新たなスタジアム整備についてです。

秋田市の沼谷市長は、仮に整備に必要な民間資金が集まらずスケジュールが遅れるとしても、追加で公費を補てんして間に合わせることはないとの考えを示しました。

Jリーグが求める水準を満たすための今の整備のあり方は、公共事業としては特殊だと指摘し、民間資金がなければ、事業は永遠に進まないとも話しました。

沼谷市長の定例の記者会見は、先月初め以来、約2か月ぶり。

この間、市政の懸案事項の一つであるスタジアム整備に関する議論は、一定の方向性が示されました。

秋田市 沼谷市長
「我々の考えをお伝えしてきたものに、かなり沿った内容になっているんではないかと思っております」

新たなスタジアムは、整備費142億円以内で5,000人から1万人規模の施設をつくることを検討します。

今年度は、県と市が、事業や施設の内容を明確にする「基本計画」をつくり、来年度からは、設計作業へ。

5年後、2031年8月のオープンを目指します。

基本計画には1,000万円ほど、設計には5億円ほどかかりますが、いずれもブラウブリッツ秋田が集めている民間資金を充てる計画です。

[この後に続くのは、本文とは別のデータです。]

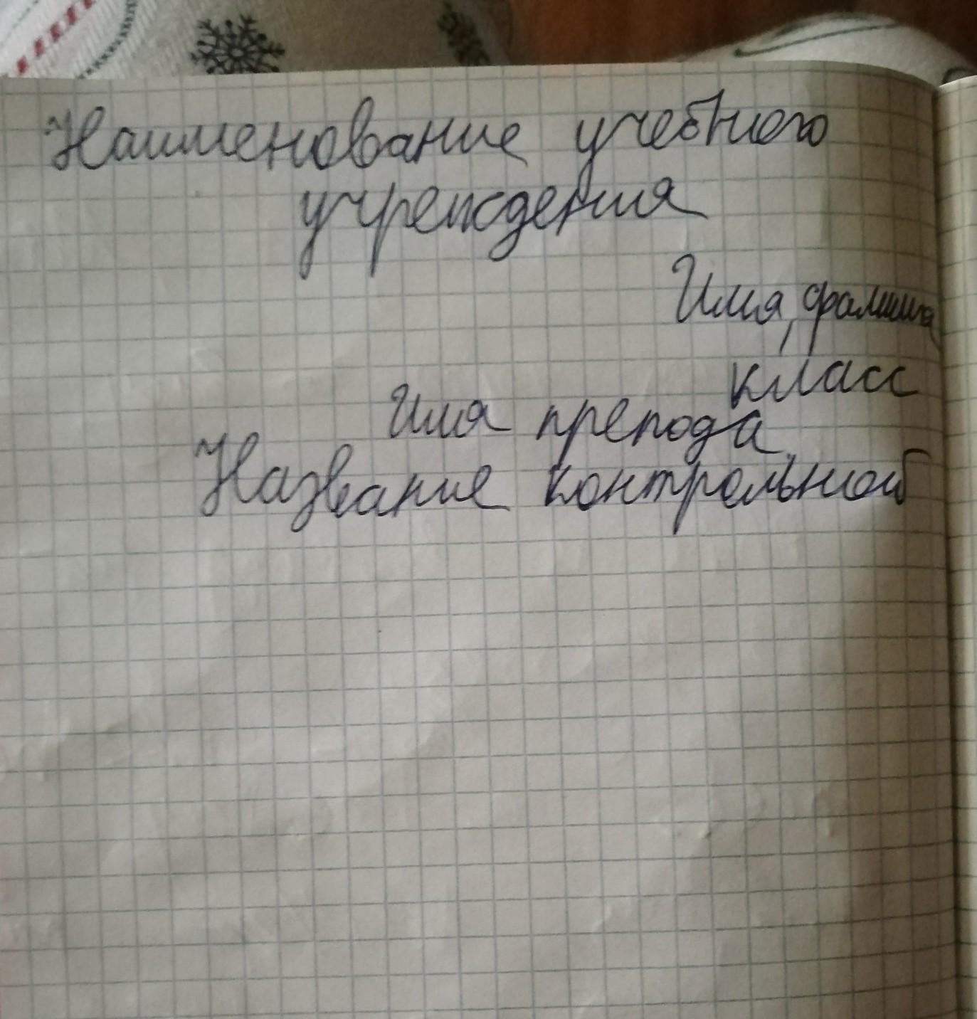Я сейчас на семейном обучении (не спрашивайте), у меня сейчас итоговая аттестация по английскому, я делаю на двойных листочках. Как оформлять первую страничку? Типо так:
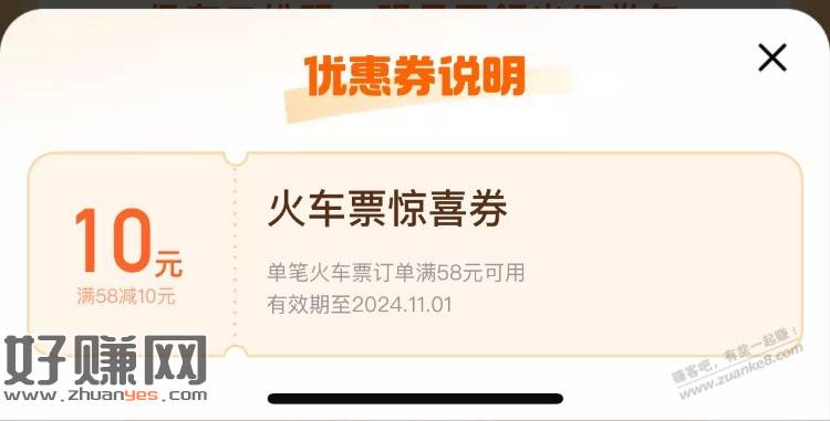 滴滴火车票58减10,给力
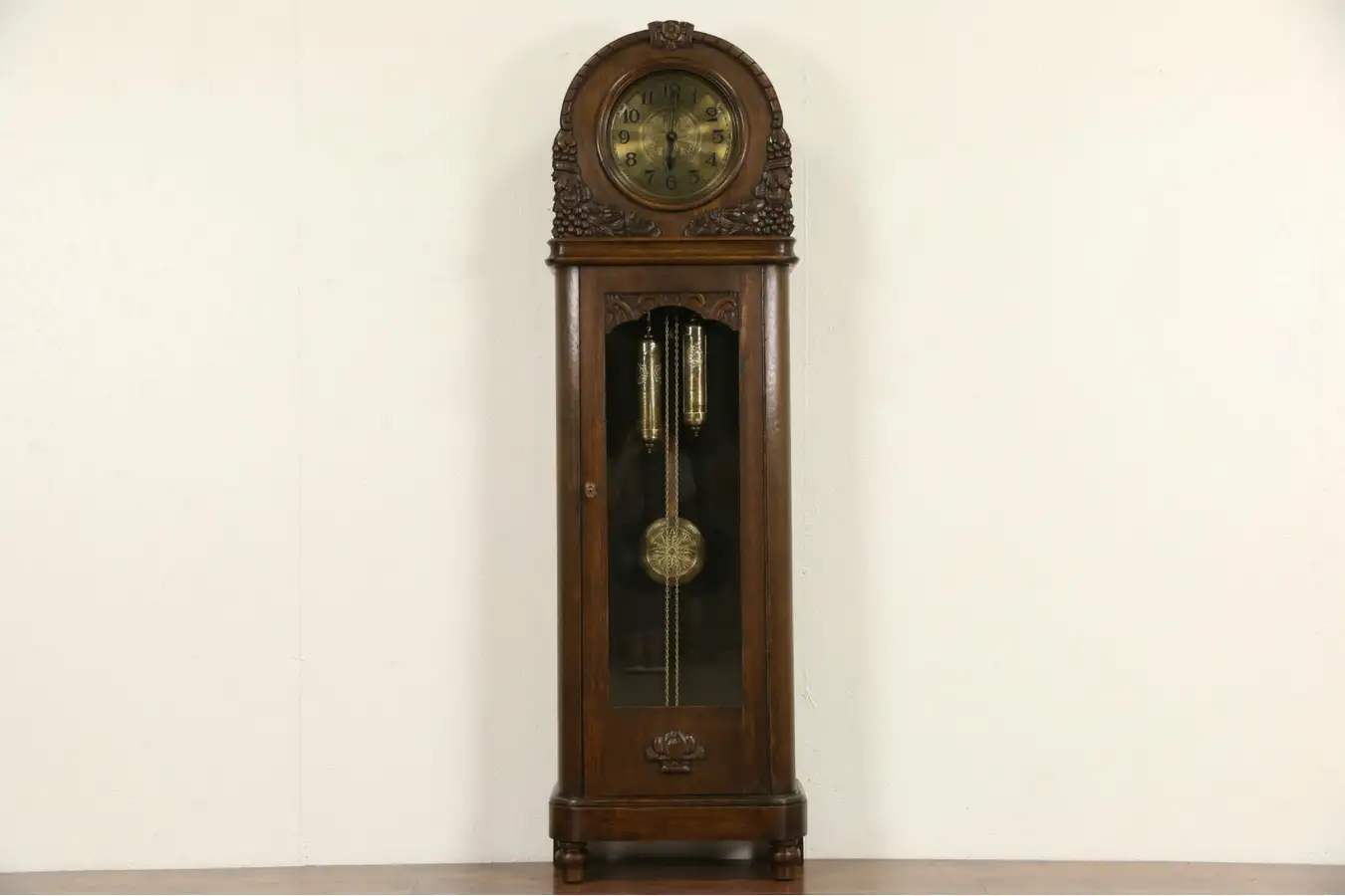 A hand carved German grandfather or tall case clock from the Art Deco period about 1915 has been professionally cleaned and oiled. The brass movement runs for a week on a pull chain winding, and keeps excellent time. A resonant two note chime counts the hour and the half also has a strike. The embossed brass dial, weights and pendulum are original on this antique timepiece.
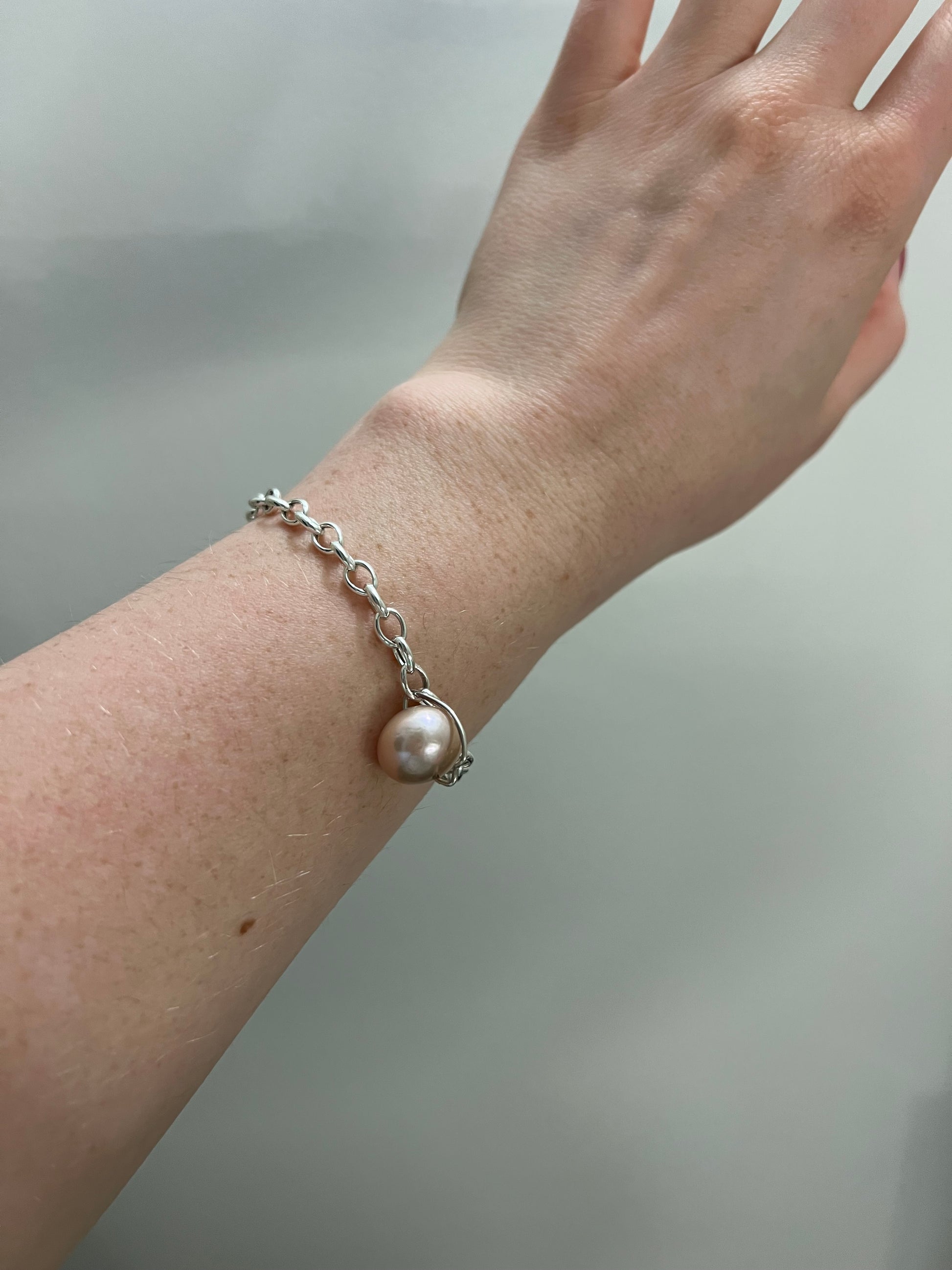 Sterling Silver Link Bracelet with Pearl

現時点で集まった民間資金は1,200万円ほどであるため、基本計画はつくれそうですが、設計費を確保できるかどうかは不透明です。

記者
「集まりませんでした…となった場合、スケジュールを遅らせるのか、あるいはやめましょうとなるのか。これはどういう判断?」
秋田市・沼谷市長
「少しその…まっすぐお答えになるかわかりませんが、今回いわゆる民間資金の調達を前提にステップを踏んでいくと」「期限までに5億円集まらなかった、そうすると我々、少なくとも秋田市としては財源がない中で設計に入るということは永遠にありませんから」

すぐに事業は中止しないものの、スケジュールが遅れる可能性はあると説明した沼谷市長。

スケジュールや施設の規模は、多くの県民や市民ではなく、あくまでJリーグが求めている水準や期限であると指摘し、民間資金が集まらずに事業が停滞しても、追加で費用を負担する考えはないと説明しました。

沼谷市長
「住民の皆さん、納税者の皆さん、市民の皆さん、あるいはチーム、サポーターの皆さん。そういうところよりは、Jリーグのスペックに合わせていくというのが最優先事項になっていると。公共事業としてはかなり特殊なパターンだと私は思っています」「あくまでも今2031年に間に合わせるとすれば…のスケジュールで民間資金の調達をお願いしているわけですけども。それが間に合わなくて後ろに倒れていったときには全体のスケジュールも後ろに倒れていかざるをえない。そこの後ろ倒しを避けるために自治体が肩代わりをする、補てんをする、自治体がそこに税金を投入して…ということはしない。秋田市としてはしないということは決めております」

このほか、Jリーグが求める施設の水準を満たすためのスタジアム整備のあり方について、「いつまで自治体が振り回されるのか」とも話し、リーグ側が、各地域の実情としっかり向き合うべきだと主張しました。